My work promotes objective observation. From that perspective, there is value in this.
But I have found, the value gained from observation, is also subjectively immeasurable. Nature has taught me this. Unexpected value. And, delight. Delight in those still moments between movements. Between sounds. Between words. Between people. Fleeting stillness. A moment so silent, it captures all senses in one scoop.
I found this on one of my trips to the southwest region of Western Australia.

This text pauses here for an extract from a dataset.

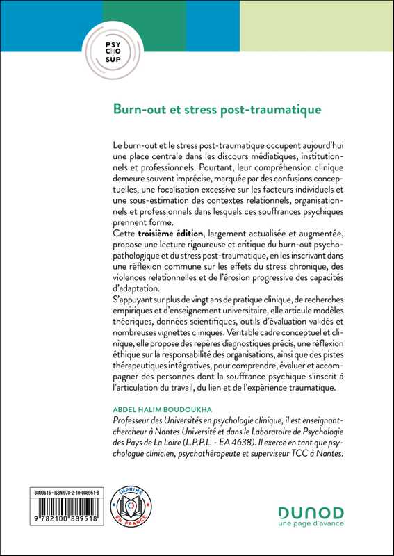 Cette 3ème édition actualisée présente, de manière synthétique et pédagogique, ces deux troubles cliniques que sont le burn-out (ou fatigue chronique) et le stress post-traumatique (TSPT). Illustré de nombreux cas cliniques, elle est à jour des dernières recherches scientifiques menées en psychologie sur ces thèmes.

While enjoying the activity around me I noticed some birds take time out. Mindfully. They observe. Sometimes, for a nanosecond. And, when I’m trying to capture the moment, they take time to observe my fumbling attempts! Zooming in on a New Holland honeyeater I found they have a slender tube like structure at the end of their beak. Exquisitely slender and delicate, no doubt functional for dipping deep into flowers for nectar. Always dazzled by their striking plumage, I had never noticed this before. Panning around me I saw a bird, larger than a silver eye and somewhat similar to the honeyeater. Unusual. Almost hybrid-like. Alone it darted about anxiously among flocks of other species. It finally flew down briefly before me. A white naped honeyeater! Beautiful! I’ve been to this garden cafe a few times before. What else did I miss? The old ‘dunny’ (outdoor toilet of a bygone era) listing along with trees that suggested, the winds from the ocean blows strong. Within the crumpled paper white petals of the poppy, bees dusting themselves in yolk yellow pollen. They seem to know, spring is nearly here. And, there were diamonds strewn across the humble nasturtiums leaves, seen by only those who rise early, before sun, the thief.
There is a difference between looking and observing. A gap as wide as talking and listening. There is power in observation, as there is in silence. But, only if it is practiced mindfully.